Five security measures you need to know about to stay ahead of future attacks
5 January 2018
By Vee Punia
Cybersecurity attacks are becoming so common that it’s no longer a matter of if a breach will occur but rather when. Hackers are looking for vulnerabilities in your system 24/7 and in today’s digitalized world, their efforts have never been easier, or more successful. Over the last 12 months, 66.2 percent of financial organizations faced at least one cyber security attack. And the global cost of cyber crime is estimated to reach $2 trillion by 2019, a threefold increase from the 2015 estimate of $500 million.
Cyber breaches can cause any number of business challenges, from financial and reputational damage to a loss in shareholder value. For public companies whose websites house sensitive information such as quarterly financials, press releases and more, the stakes are high. The best defense is to understand security best practices and partner with an IR vendor who puts them into action.
Here are five key security measures you need to know about to help you stay ahead of future attacks.
Passwords: The necessary evil
How many times has IT reminded you to create a unique password (using letters, numbers and symbols)? The purpose: secure access to your resources.

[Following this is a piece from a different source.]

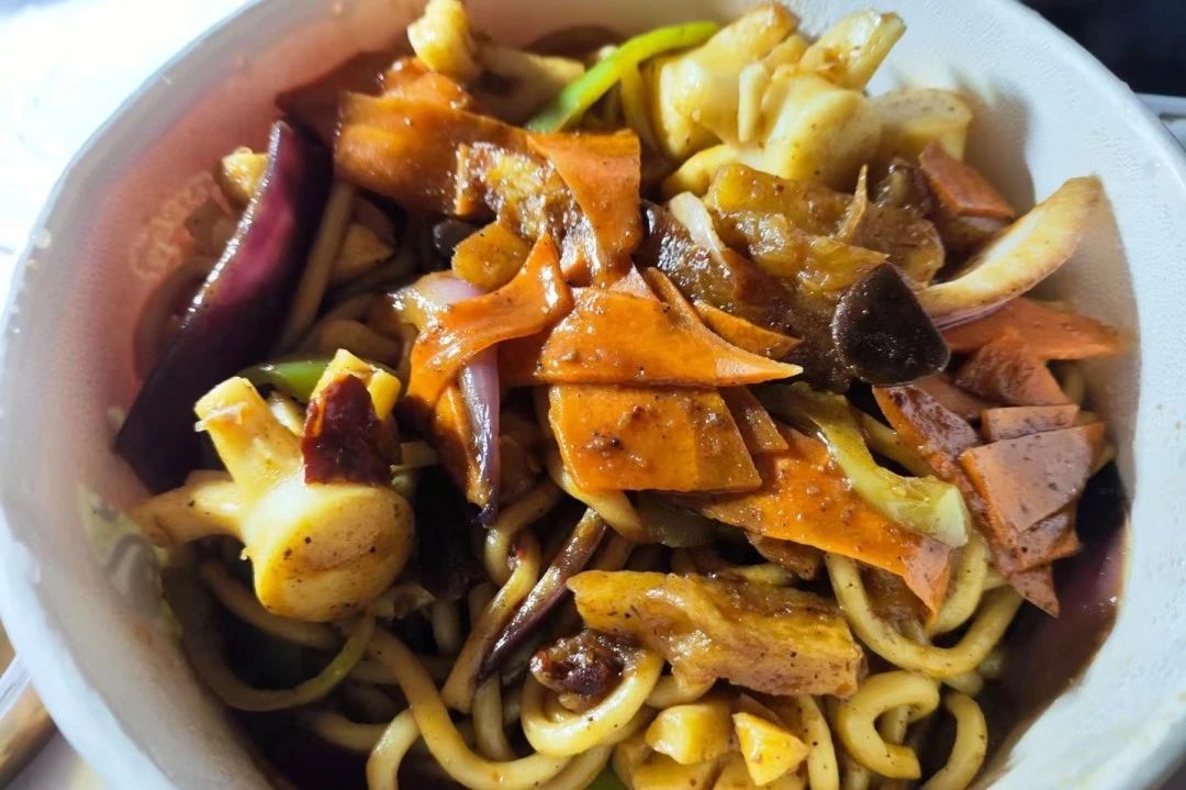 铁锅焖面 土豆绵软 入味的排骨和豆角 每根面条裹满了汤汁~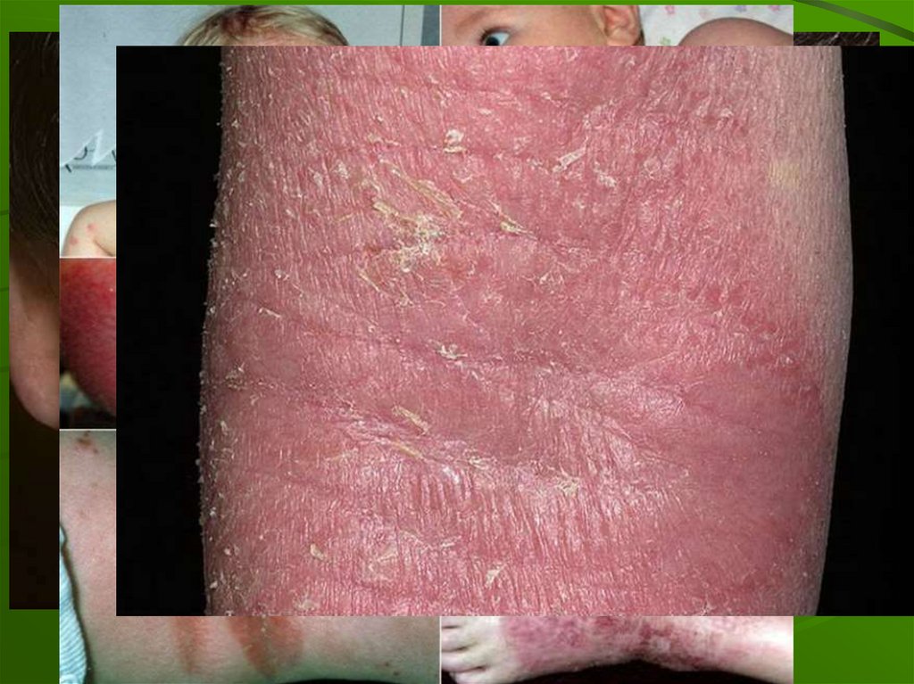 Кожа в очагах поражения:сухая, на высоте процесса можно различить 3

For many, the weak link in the authentication chain has been the much maligned “password”, however, new and secure technology trends are on the rise.
Many companies, large and small, are looking to new authentication trends such as: Two Factor Authentication (2FA or TFA). 2FA is an extra layer of security often referred to as two-step verification. The first step is the password and the second step could be PIN, token or smartphone app that is only accessible to the application user. 2FA makes it harder for attackers to gain access to your IR web application because knowing the password alone is not enough to pass the authentication check.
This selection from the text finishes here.